The FEC case against Swallow was based largely on statements Johnson made to federal and state agents under immunity during a criminal investigation of Swallow.

Johnson was to be a key prosecution witness in the public corruption case against Swallow but refused to testify at the trial. A 3rd District Court jury acquitted Swallow, who resigned after a year in office, of all charges.

It is illegal under federal law for a person to donate funds to a federal candidate through another person or allow their name to be used to contribute to a candidate.

When Swallow asked Johnson to contribute to Lee’s campaign, Johnson wanted to know whether he could write a large check or if limits applicable to a previous campaign to which he had contributed applied. Swallow told him that the same rules applied, according to Monday’s court filing.

Swallow did, however, promise Johnson that donating to Lee would help protect his business interests from federal prosecution, according to court documents. Johnson’s businesses included processing tens of millions of dollars in transactions for online poker companies.

“Swallow told Johnson, ‘I’m supporting you, and supporting your processing of poker ... you don’t have to worry about anything on the state level, but if the federal government comes after poker, you wanna head that off and this is how you do it,’” court documents say.

“Swallow also told Johnson, ‘We’ve gotta raise this money and we gotta make Mike Lee our guy. ... He’s gonna be choosing the next U.S. attorney and you gotta have him in your corner and you gotta have the U.S. attorney in your corner, especially while you’re processing poker in this district.’” 

Johnson told friends, family members, employees and business associates, “Hey, would you donate to Mike Lee?
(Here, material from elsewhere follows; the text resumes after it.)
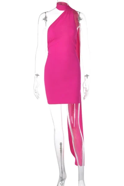 Feel effortlessly sexy and elegant in this one-shoulder halter design that leaves your back beautifully bare. The asymmetrical strap adorned with a metallic ring detail adds a modern edge, while the flattering pleats accentuate your curves. With its bodycon silhouette and mini length, this dress is a guaranteed showstopper.
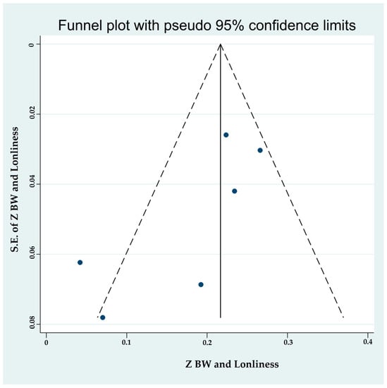 Six studies reported on the associations between binge-watching and loneliness. The pooled estimated ES showed a weak association between binge-watching and loneliness with a Fisher’s z-score of 0.19 [95% CI: 0.13 to 0.25, I2 = 65.2%; Tau2 = 0.01]. Figure 12 provides the forest plot regarding the association between binge-watching and loneliness. Publication bias seems probable based on the Egger’s test (p = 0.08) and symmetrical funnel plot (Figure 13). However, using the fill-and-trim method to correct probable publication bias, no study was imputed, and publication bias was excluded. Sensitivity analysis showed that the pooled ES was not affected by the effect of a single study (Figure 14).

I’ll get you the money,” the court filing says. He either paid the straw donors up front or reimbursed them for their contributions.

In one instance, according to the FEC, Johnson’s Triple 7 poker processing company issued a $14,400 check — enough to cover six donations at the legal $2,400 limit each — to a company controlled by a business associate. The company in turn wrote checks to six people who donated the money to Lee. Four of the checks bounced.

Swallow told Johnson about the problem, and Johnson said he would “fix” it immediately. The following day, four new checks were written, one of which bounced a second time.

According to court documents, Johnson used the names of others to give $20,000 to Reid, who was seeking reelection in 2010. Reid was the Senate majority leader for eight years and retired from the Senate in 2017.

Johnson talked with online gaming companies about using straw donors to contribute illegal amounts to federal candidates, including Reid, in an attempt to protect or further their business interests, court records say. Johnson also unsuccessfully sought Reid’s help in stopping a Federal Trade Commission investigation into his internet marketing company, iWorks.

Federal regulators were investigating Johnson’s company for charging customers’ credit cards without authorization and other fraudulent practices. The FTC ultimately sued Johnson and the U.S. Attorney’s Office later indicted him on fraud charges.

The Federal Election Commission says Johnson knew the contributions to Reid and Lee were illegal because of donations he had made to Shurtleff’s Senate campaign in 2009.

Johnson offered to write a check to the campaign, but Swallow told him the FEC has limits on the amount that a person could legally give to a federal candidate.

“Swallow and Johnson then discussed the possibility of illicitly contributing additional amounts to Shurtleff’s campaign by giving the funds to straw donors and arranging for those straw donors to pass on the funds to the Shurtleff campaign,” according to Monday’s FEC filing.

The donations to Shurtleff’s campaign are not included in the consent judgement.

Johnson was convicted in 2016 of eight counts of making false statements to a bank in connection with iWorks and sentenced to 87 months in federal prison. He was released to home confinement in May as part of a government effort to combat the coronavirus pandemic.

Also in 2016, a federal court in Nevada entered a $281 million judgement against Johnson but suspended payment in light of his financial circumstances. The IRS has also assessed him millions of dollars in unpaid federal income taxes.